Das Trauma der Nation

Vor 40 Jahren begann in Indonesien das Massaker an „echten“ oder angeblichen KommunistInnen. Eine kritische Aufarbeitung jener blutigen Epoche des Inselarchipels wird heute noch von den AnhängerInnen Suhartos verhindert.

Von Brigitte Voykowitsch
Es gibt eine mündliche Überlieferung unter den Dorfbewohnern, die spricht von einer einhundert Meter tiefen Höhle, in der etwa vier Meter hoch Knochen und Skelette aufgehäuft waren. Zeugen wussten zu berichten, wo und wie die Menschen getötet worden waren. Wochenlang, erinnern sie sich, sei nach den Hinrichtungen ein übler Geruch aus der Höhle gedrungen, bis das Militär befohlen habe, Steine in die Höhle zu werfen, um den Gestank zu bekämpfen“, erzählt Albertus Suryo Wicaksono.
Der ausgebildete Philosoph konnte zu Beginn seiner Uni-Jahre nicht ahnen, wohin ihn seine Studien führen würden. „Die Philosophie lehrte mich, dass alles hinterfragt werden kann“, erklärt er. Als Schüler und Student musste er wie alle unter dem Regime Suharto groß gewordenen IndonesierInnen die offiziellen Propagandafilme ansehen. An der Universität aber hörte er Anderes. Er erfuhr von der Gewalt, die den Sturz des linksgerichteten Staatspräsidenten Sukarno und die Machtübernahme von General Suharto in den Jahren 1965/66 begleitet hatte, und er erhielt Informationen über die damalige Verfolgung von echten oder angeblichen Kommunisten. Was ist wahr? Warum klammert die offizielle Geschichtsversion so vieles aus?
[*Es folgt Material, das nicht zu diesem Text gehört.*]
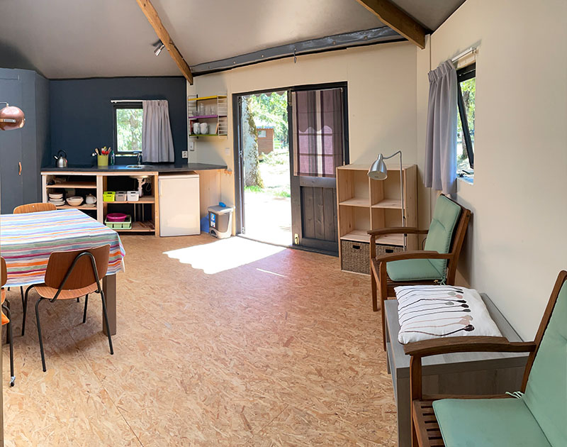 • Tenthuisje, geschikt voor max. 4 personen. Het tenthuisje heeft inpandig douche/toilet en keukenblok met koelkast, warm en koud stromend water, een 2-persoonsbed en een stapelbed, afgescheiden door een houten wand

Die Fragen veranlassten ihn schließlich, im Rahmen der in der Hauptstadt Jakarta ansässigen Nichtregierungsorganisation „Solidaritas Nusa-Bangsa“ in Blitar im Südosten der Insel Java die Suche nach Massengräbern aufzunehmen.
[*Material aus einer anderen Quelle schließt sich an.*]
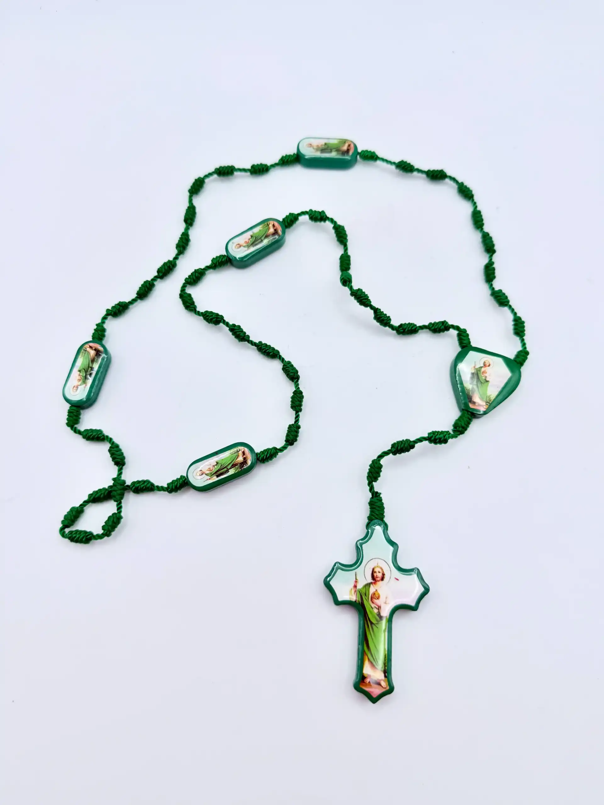Rosario plastico verde brillante con cruz e imagenes de San Judas Tadeo.

Eine Familie erzählte ihm bei einer Tagung im Jahr 2001 von der Höhle in Südblitar. Doch es dauerte lange, bis er und sein Team das Vertrauen der DorfbewohnerInnen gewinnen konnten. Fast vier Jahrzehnte waren seit den Hinrichtungen vergangen, „In all den Jahren sagten und taten die Menschen dort nichts. Denn sie waren der Ansicht, dass die Kommunistische Partei Indonesiens (PKI) im Unrecht war. Ich versuchte ihnen also zu erklären, dass es nicht um die PKI ging, sondern um die Opfer, die Menschen waren, keine Tiere.“ Allmählich begannen die DorfbewohnerInnen mit Wicaksono zusammenzuarbeiten, auch wenn ihre Angaben nicht alle korrekt waren. Eine genaue Studie ergab, dass die vertikale Höhle nur 45 Meter tief ist; die Gebeine von mindestens 41 Personen aber befinden sich tatsächlich dort. Die Höhle in Blitar ist nur eines von elf Massengräbern, das Wicaksono und seine Mitarbeiter bislang entdeckt haben. Wie viele es in ganz Indonesien gibt, kann niemand sagen. Auch sieben Jahre nach dem Sturz Suhartos im Mai 1998 haben seine zivilen wie militärischen Anhänger Schlüsselpositionen im Staat inne und versuchen, eine kritische Aufarbeitung jener Vergangenheit zu verhindern, über die im Westen bereits eine Reihe von Studien vorliegt.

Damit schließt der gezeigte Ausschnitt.